A l’analyse, ce projet de révision vise, en réalité, à prévenir les effets d’une éventuelle cohabitation. Dès lors, même sans avoir eu accès au texte intégral, on peut en deviner les principales modifications : rôle du Premier ministre dans la composition du gouvernement, pouvoir de révocation du Premier ministre ou du gouvernement, pouvoir de dissolution de l’Assemblée nationale, orientation de la politique gouvernementale, signature des ordonnances et décrets, véto présidentiel, contreseing ministériel sur les décrets, nominations dans l’administration ou les forces de sécurité et, initiative des lois. Essentiels à l’équilibre des pouvoirs, ces points permettent aussi de déterminer la nature du régime. Ils clarifient les rôles, aèrent la gestion quotidienne et facilitent une respiration de la vie politique. Au final, ils portent en eux les ferments d’une gouvernance démocratique. Dans bien des cas, ils ouvrent la voie à cette alternance tant redoutée par le pouvoir. L’exécutif entend-il ouvrir un débat national sur ces questions ? Rien ne permet de l’affirmer. Est-il disposé à rendre public son projet ? On peut en douter. Bien au contraire, tout laisse croire à la mise en œuvre d’une stratégie de la dissimulation, prélude à une adoption à la hussarde.

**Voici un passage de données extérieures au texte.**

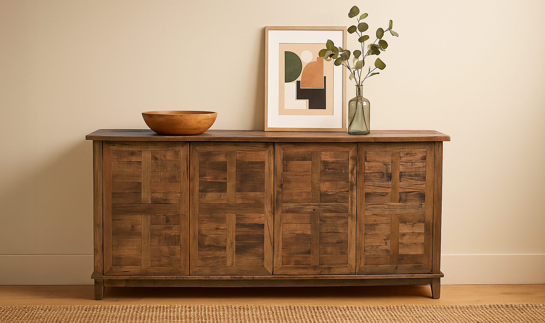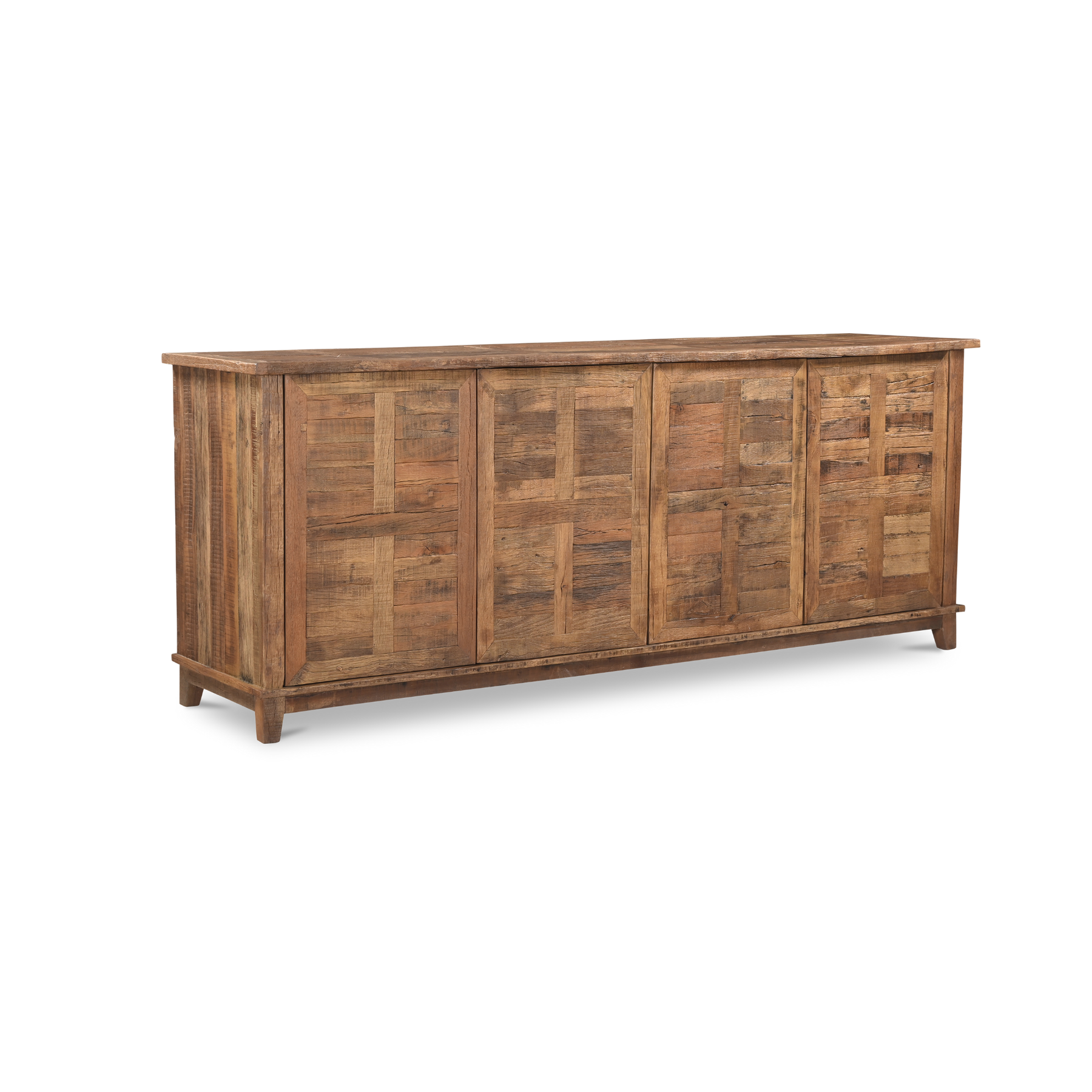 History in every panel. August brings a heritage character to a classic silhouette. Crafted from reclaimed wood once used in India’s railway system, each strip has been naturally seasoned over time—giving the piece its rich tonal variation and weathered charm. Vertical and horizontal panels create a quiet rhythm across the front, while subtle overhangs on the top and base nod to tradition. Rustic in material, refined in shape—this one tells a story without saying a word.

Adopté par le Conseil des ministres, le projet de révision constitutionnelle suscite bien des remous. Déjà, chez nos confrères d’Echos du Nord, le Collectif Gabon démocratie parle de «coup d’Etat constitutionnel». Pêle-mêle, il dénonce «la mainmise constitutionnelle du président de la République sur la hiérarchie institutionnelle», «l’immunité juridictionnelle (du président de la République)», «(le renforcement) du pouvoir de sanction (du président de la République)», « (une) justice présidentielle» et, «la négation des principes (…) (contenues) dans l’Accord de Cotonou». Pendant ce temps, les propagandistes du pouvoir se murent dans un mutisme éloquent voire inquiétant. Une attitude forcément contreproductive. Dans un contexte où le gouvernement tire sa légitimité de l’Assemblée nationale, revoir ses rapports avec le président de la République revient à modifier l’équilibre des pouvoirs. En clair, cela équivaut à réorganiser les relations entre l’exécutif et le législatif. Mieux, selon l’ampleur des modifications, cela peut induire un changement de régime. Est-ce le but recherche par l’exécutif ? On peut nourrir des craintes. Pourtant, fille naturelle de la Constitution française de 1958, notre Loi fondamentale a favorisé la mise en place d’institutions parées pour faire face à une éventuelle cohabitation. Sauf à opter pour un changement de régime voire une atteinte à la forme républicaine de l’Etat, ni la vassalisation du gouvernement, ni le musèlement de la chambre des députés ne peuvent, par conséquent, se justifier.